● **PROBLEM REQUIREMENTS**
Starting with the line that has "1980 Erte Art" in the records below and ending with the line that has "10月16日上午10时,万众", output those lines exactly and nothing more; omit the pictures.

Items listed in a dataset
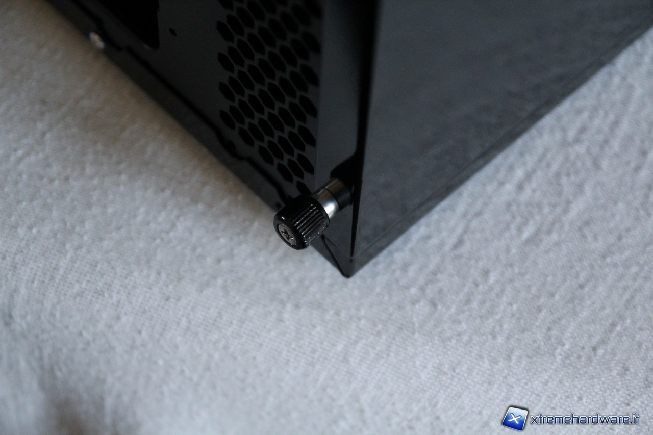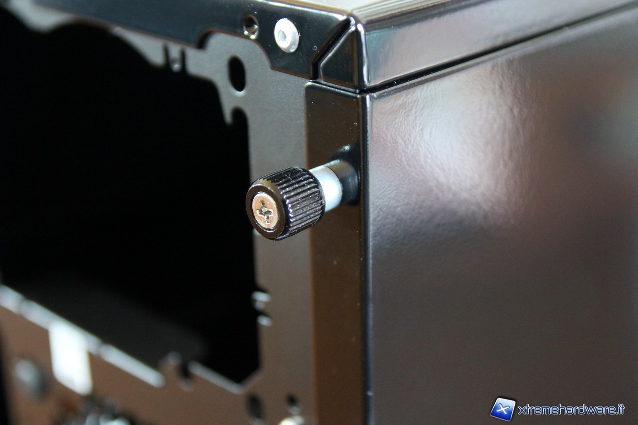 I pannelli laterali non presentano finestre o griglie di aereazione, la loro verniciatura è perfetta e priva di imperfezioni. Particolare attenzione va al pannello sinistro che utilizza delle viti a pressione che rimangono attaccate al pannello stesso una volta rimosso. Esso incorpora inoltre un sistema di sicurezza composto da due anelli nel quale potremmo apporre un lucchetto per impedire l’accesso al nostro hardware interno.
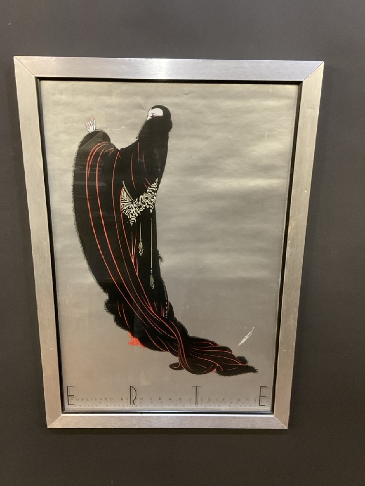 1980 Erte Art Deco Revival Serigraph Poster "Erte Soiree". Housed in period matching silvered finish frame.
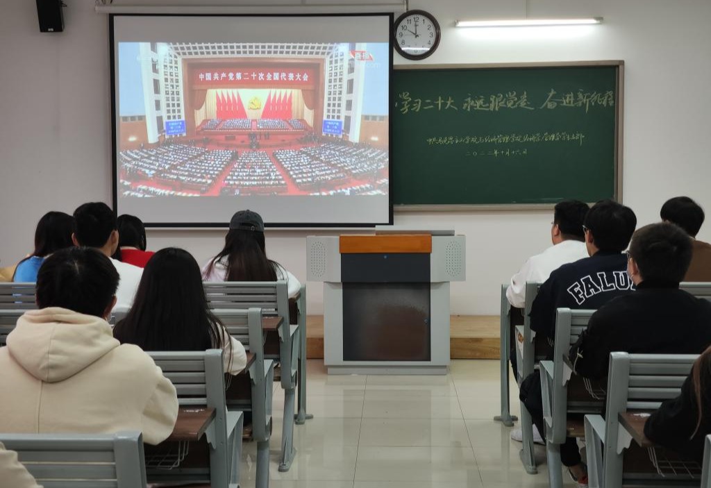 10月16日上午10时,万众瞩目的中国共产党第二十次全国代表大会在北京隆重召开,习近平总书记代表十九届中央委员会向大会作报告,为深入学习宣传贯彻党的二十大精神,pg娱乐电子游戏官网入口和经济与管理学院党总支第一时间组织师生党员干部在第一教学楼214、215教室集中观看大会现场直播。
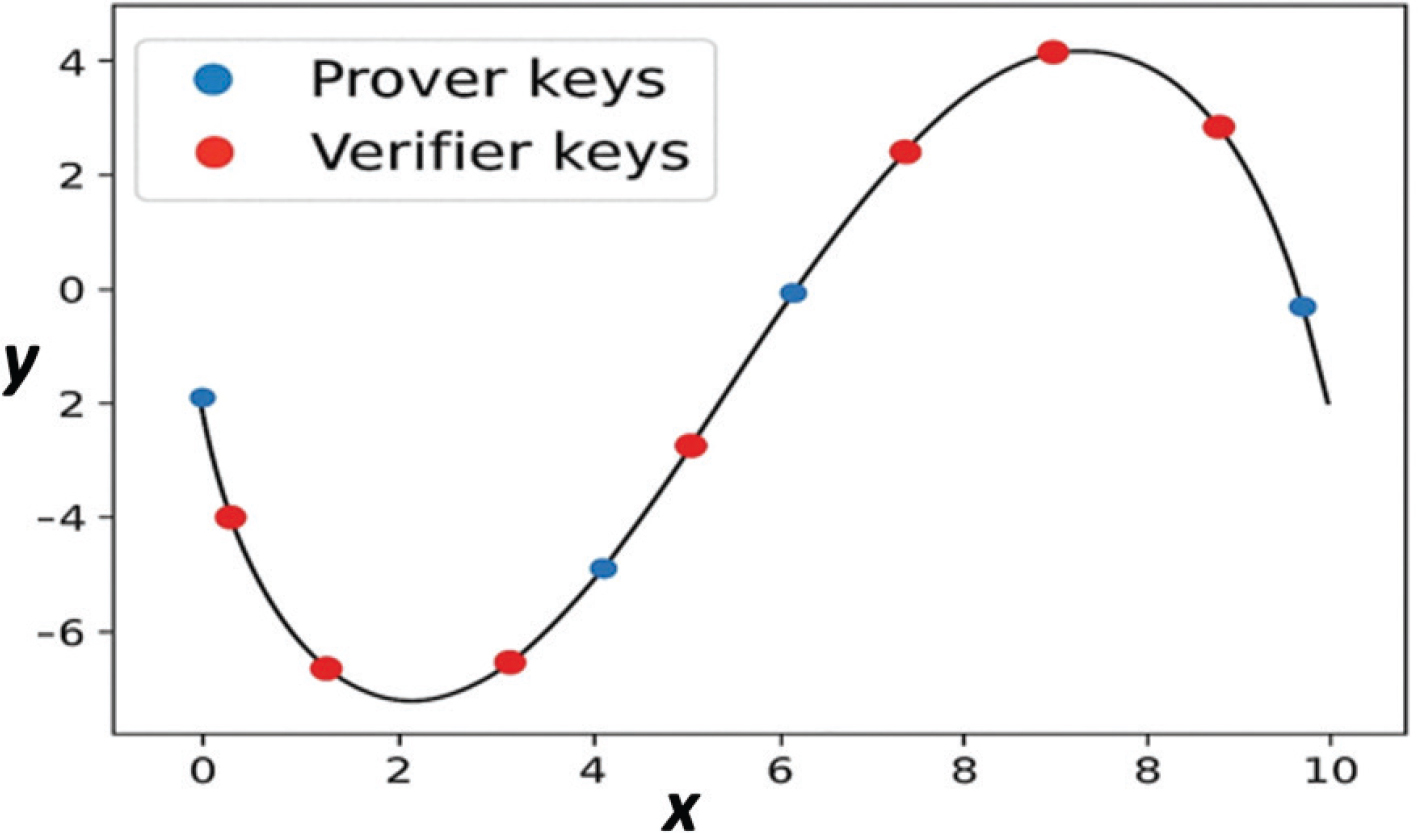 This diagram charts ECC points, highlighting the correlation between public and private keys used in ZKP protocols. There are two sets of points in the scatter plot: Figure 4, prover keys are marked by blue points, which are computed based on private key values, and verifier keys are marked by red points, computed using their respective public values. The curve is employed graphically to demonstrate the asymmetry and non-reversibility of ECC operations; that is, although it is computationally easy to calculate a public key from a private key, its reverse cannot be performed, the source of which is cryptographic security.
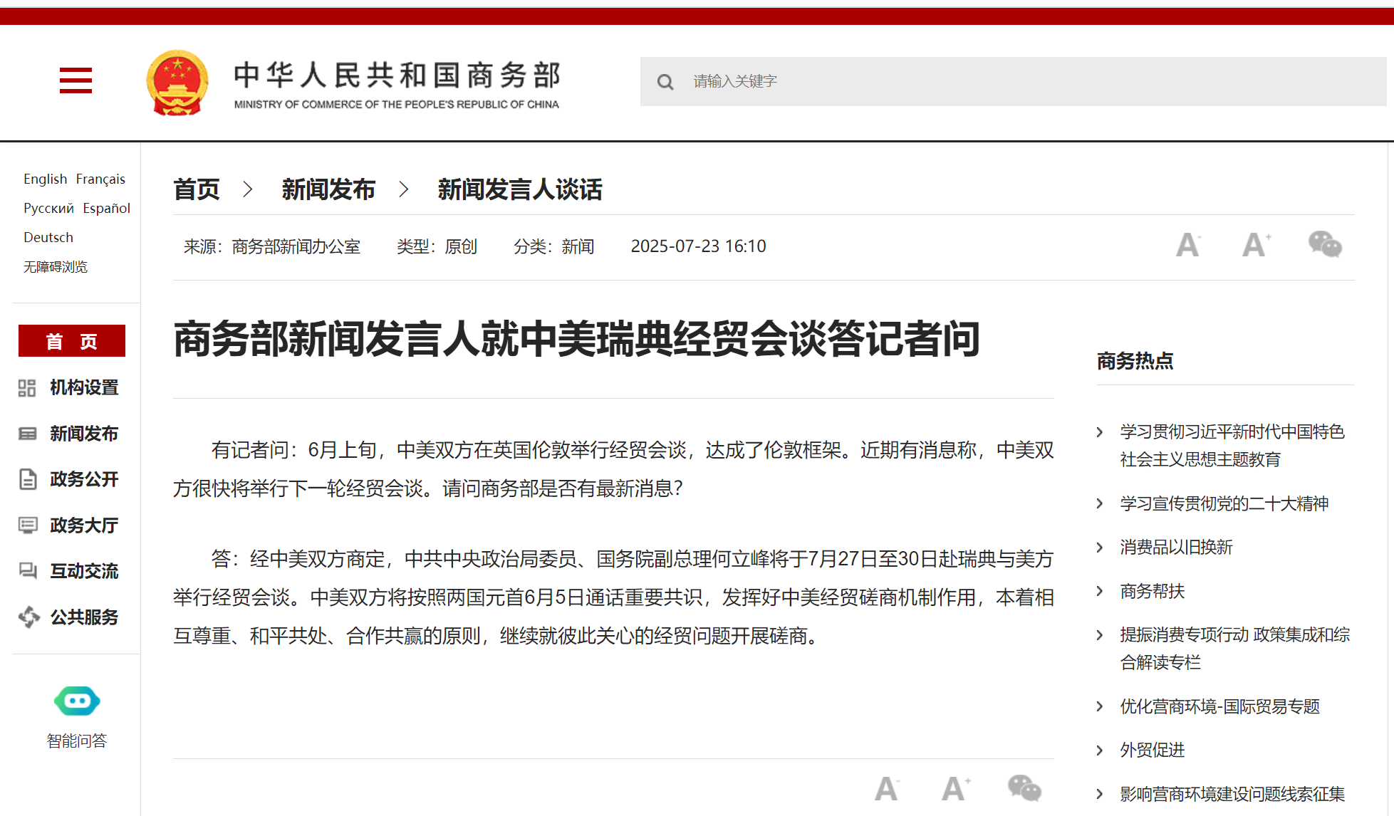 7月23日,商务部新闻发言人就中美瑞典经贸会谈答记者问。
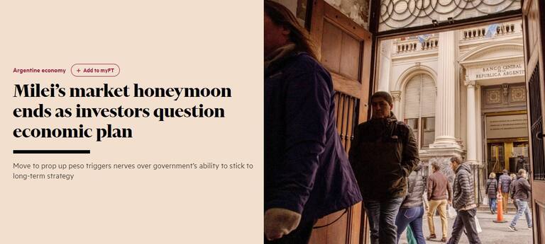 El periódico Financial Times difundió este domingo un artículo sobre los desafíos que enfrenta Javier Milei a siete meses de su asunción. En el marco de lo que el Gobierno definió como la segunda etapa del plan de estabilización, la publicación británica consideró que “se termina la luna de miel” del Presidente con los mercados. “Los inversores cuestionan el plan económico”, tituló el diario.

● **ANSWER BOX**
 1980 Erte Art Deco Revival Serigraph Poster "Erte Soiree". Housed in period matching silvered finish frame.
 10月16日上午10时,万众瞩目的中国共产党第二十次全国代表大会在北京隆重召开,习近平总书记代表十九届中央委员会向大会作报告,为深入学习宣传贯彻党的二十大精神,pg娱乐电子游戏官网入口和经济与管理学院党总支第一时间组织师生党员干部在第一教学楼214、215教室集中观看大会现场直播。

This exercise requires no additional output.